** EXERCISE AIM **
Do not repeat pictures. Repeat exactly the lines of the listing below from its first line through the line with "Chic and striking, this".

** SOURCE DATA **

++++++++++

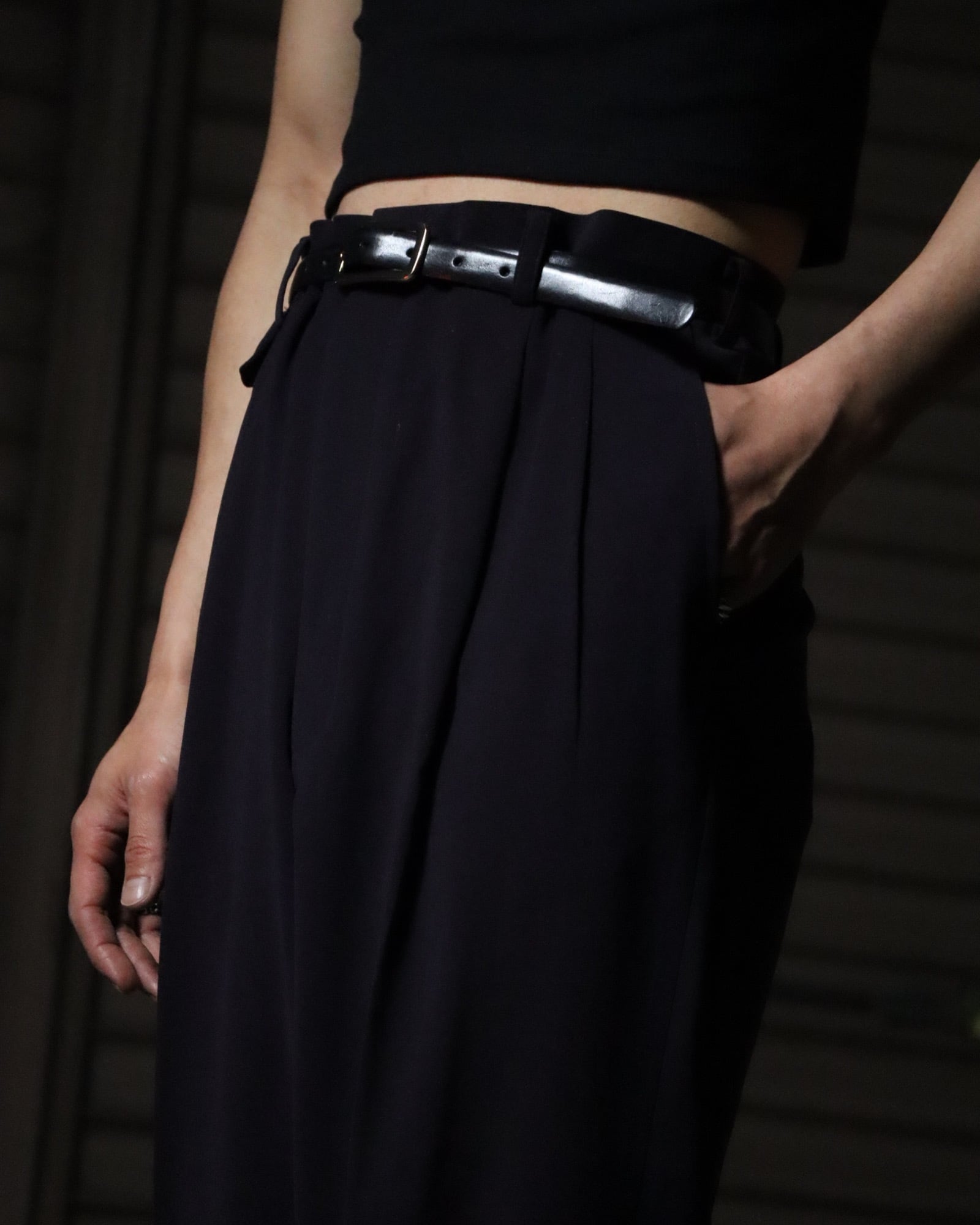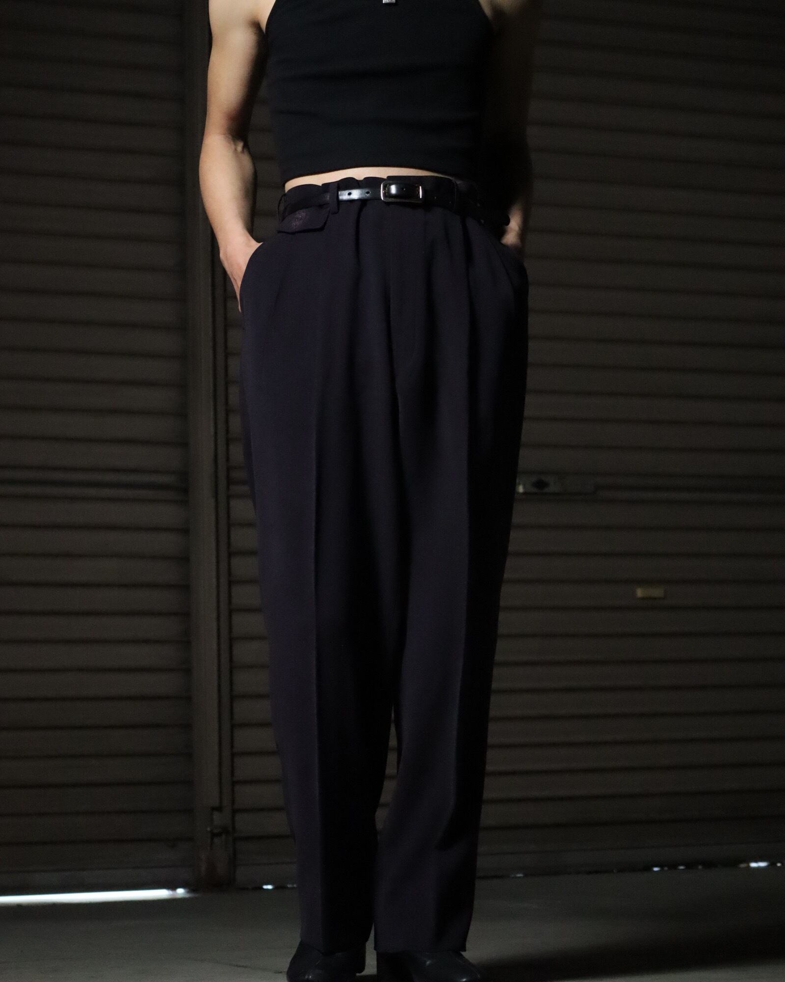 ▼Item / suede like 2tuck wide-straight slacks purple black
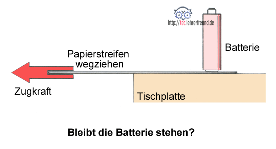 Es geht, wenn man den Papierstreifen mit hoher Geschwindigkeit nach links zieht. Dabei kann die Batterie mit ihrer Masse - und damit mit ihrer Trägheit - der Papiergeschwindigkeit nicht folgen: Sie bleibt stehen.
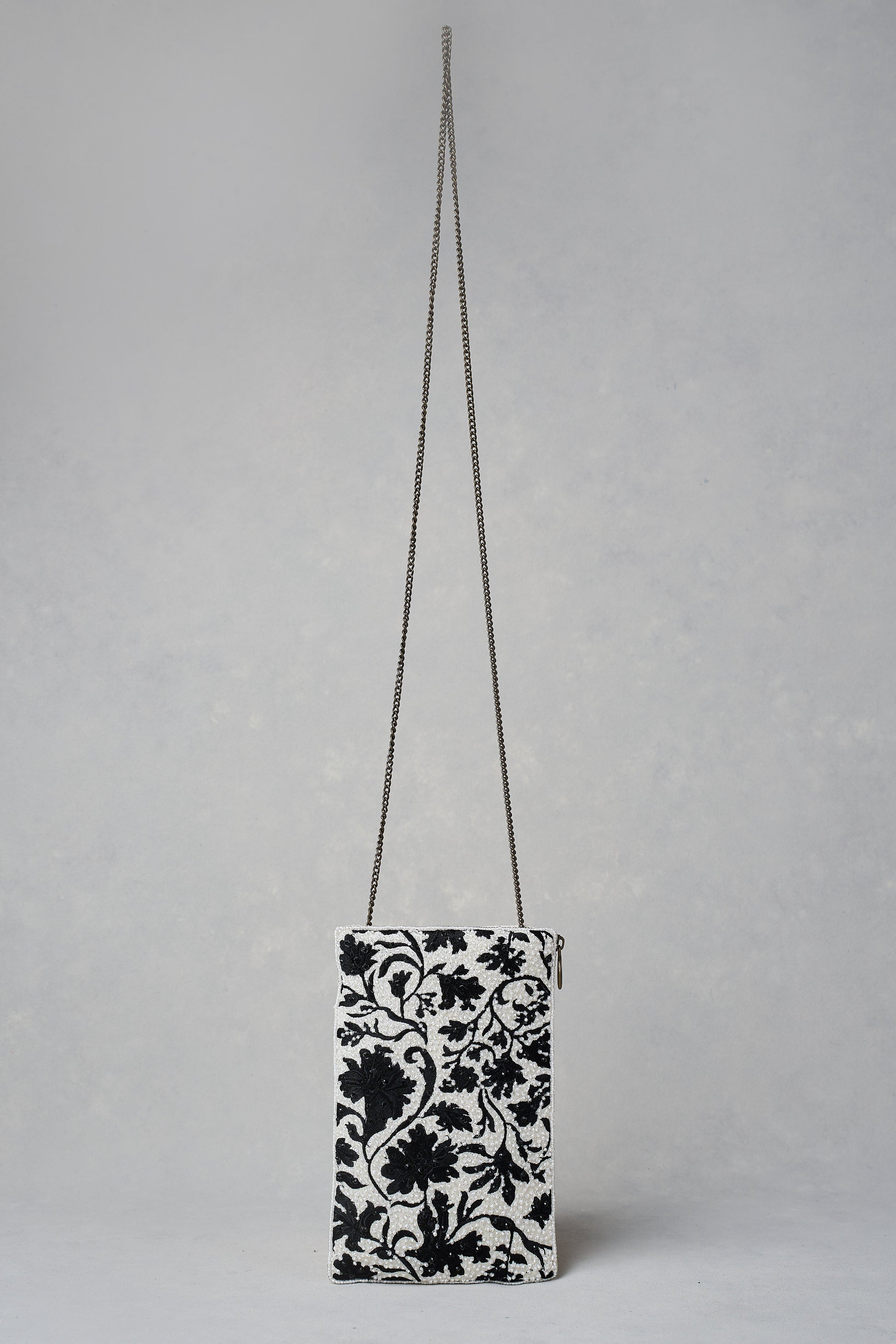 Chic and striking, this black and white mini clutch is intricately beaded in a bold leaf motif. With a compact shape, brass chain strap and magnetic button closure, it’s the perfect finishing touch to any outfit.
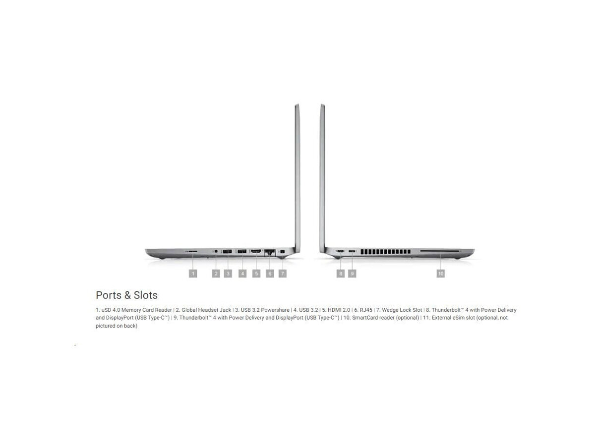 1. Čtečka paměťových karet uSD 4.0 | 2. Globální konektor na náhlavní soupravu | 3. USB 3.2 Powershare | 4. USB 3.2 | 5. HDMI 2.0 | 6. Port RJ45 | 7. Slot pro bezpečnostní zámek Wedge | 8. Port Thunderbolt™ 4 s napájením a portem DisplayPort (USB Type-C™) | 9. Port Thunderbolt™ 4 s napájením a portem DisplayPort (USB Type-C™) | 10. Čtečka čipových karet (volitelné příslušenství) | 11. Externí slot na kartu eSim (volitelný, nezobrazuje se vzadu)

++++++++++

** OUTPUT FOR THIS EXERCISE **
 ▼Item / suede like 2tuck wide-straight slacks purple black
 Es geht, wenn man den Papierstreifen mit hoher Geschwindigkeit nach links zieht. Dabei kann die Batterie mit ihrer Masse - und damit mit ihrer Trägheit - der Papiergeschwindigkeit nicht folgen: Sie bleibt stehen.
 Chic and striking, this black and white mini clutch is intricately beaded in a bold leaf motif. With a compact shape, brass chain strap and magnetic button closure, it’s the perfect finishing touch to any outfit.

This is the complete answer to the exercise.